To define MongoDB shared tool settings

  1. Open the Tools folder under Settings in the repository.

  2. Select the MongoDB tab, and then configure the tool properties for your environment.

Property

Description

Connection URI

The MongoDB URI connection string (as defined in the MongoDB documentation).

Explicit username/password

If selected, you must specify an explicit Username and Password (or Key Vault reference). While the username and password can be embedded in the Connection URI string, it is often preferable for security reasons to specify these separately, since the password will be encrypted.

To configure default shared tool settings from a MongoDB tool's Properties pane, open the Connection settings section, and select Edit default settings.

To override MongoDB tool shared settings

  1. Select the desired MongoDB tool.

  2. Go to the Configuration tab on the Properties pane.

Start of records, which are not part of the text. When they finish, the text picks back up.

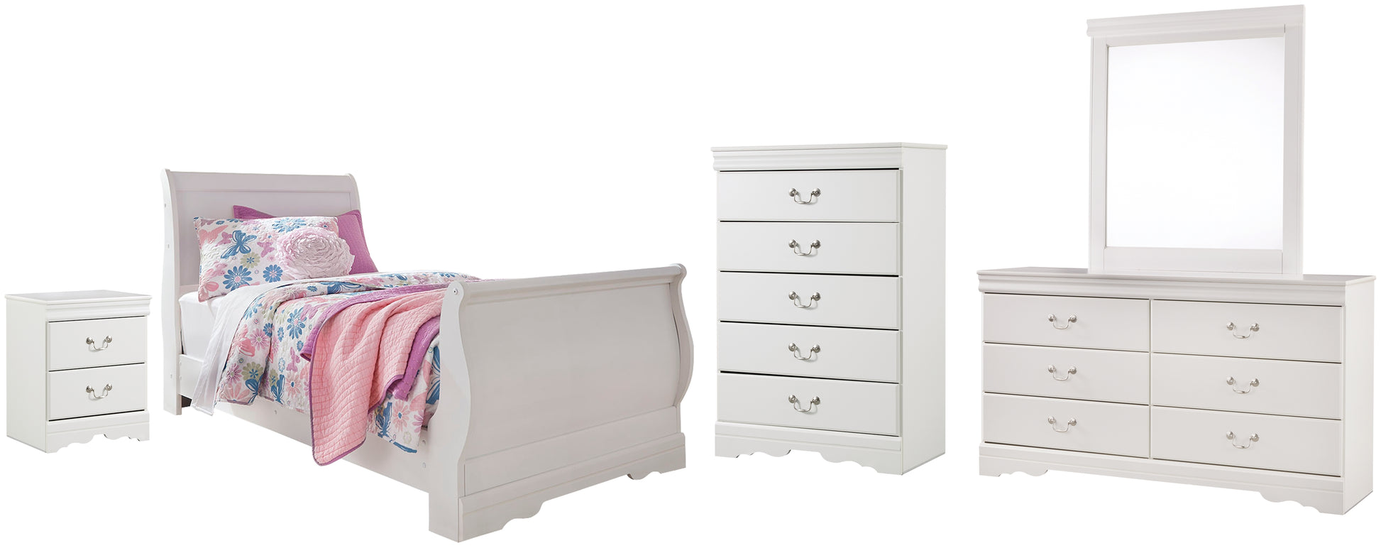 Anarasia Twin Sleigh Bed with Mirrored Dresser, Chest and Nightstand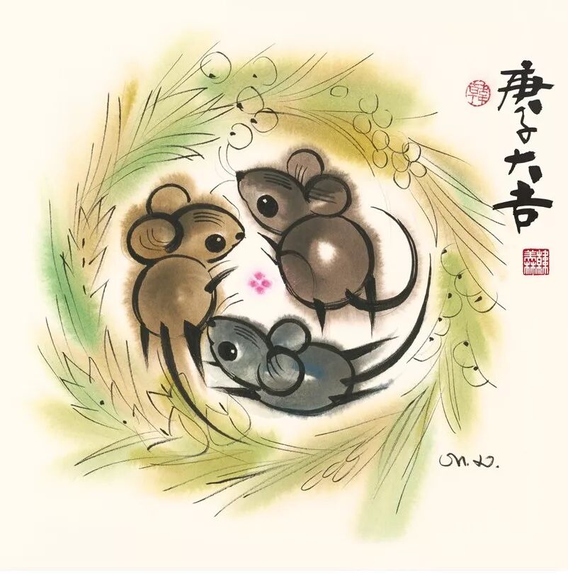 《庚子大吉》由韩美林亲笔创作并题名落款,画面为逗乐萌趣的三只小鼠在田间追逐打闹,一派祥和安乐的气氛,彰显来年生活富足、幸福快乐、大吉大利的美好愿景,《庚子大吉》艺术微喷画采用微喷工艺,画面精致逼真,高度还原原画的美林生肖艺术神韵。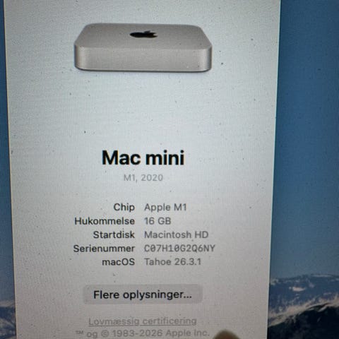 Sælger min M1 Mac Mini i meget fin stand — ingen ridser eller brugsspor. Kører lydløst og er lynhurtig fra start. 512GB SSD giver rigelig plads, og 8GB unified memory håndterer multitasking uden problemer. Perfekt til studerende, kreative eller alle der vil have en kraftfuld og kompakt Mac til en god pris.
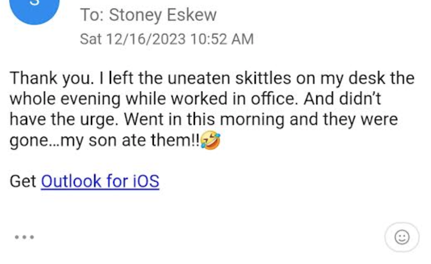 “The Crumbles cookies are still in the freezer- it’s been 2 months! The office has them regularly too and I’m not even thinking of them. Thank you!”

  3. Open the Connection settings section and select Override.

  4. Specify new values for the tool.

MongoDB Input

The MongoDB input tool reads documents from a collection of a MongoDB database and sends those documents to its output connector. The tool makes no attempt to interpret the documents; instead the documents are stored in a field of type Document.

MongoDB Input tool configuration parameters

The MongoDB Input tool has two sets of configuration parameters in addition to the standard execution options.

Configuration

Parameter

Description

Override connection settings

See MongoDB shared settings.

Database

Select a database from the list of existing databases. You must have a valid MongoDB connection configured in order for this list to be populated.

Collection

Select a collection from the list of existing collections. You must have a valid MongoDB connection to an existing database in order for this list to be populated.

Query style

Select the type of query to perform: Form or JSON.

Query

If Query style is Form, use the Edit filter terms grid to construct a query: select Field, Operation, and Type, and specify Values.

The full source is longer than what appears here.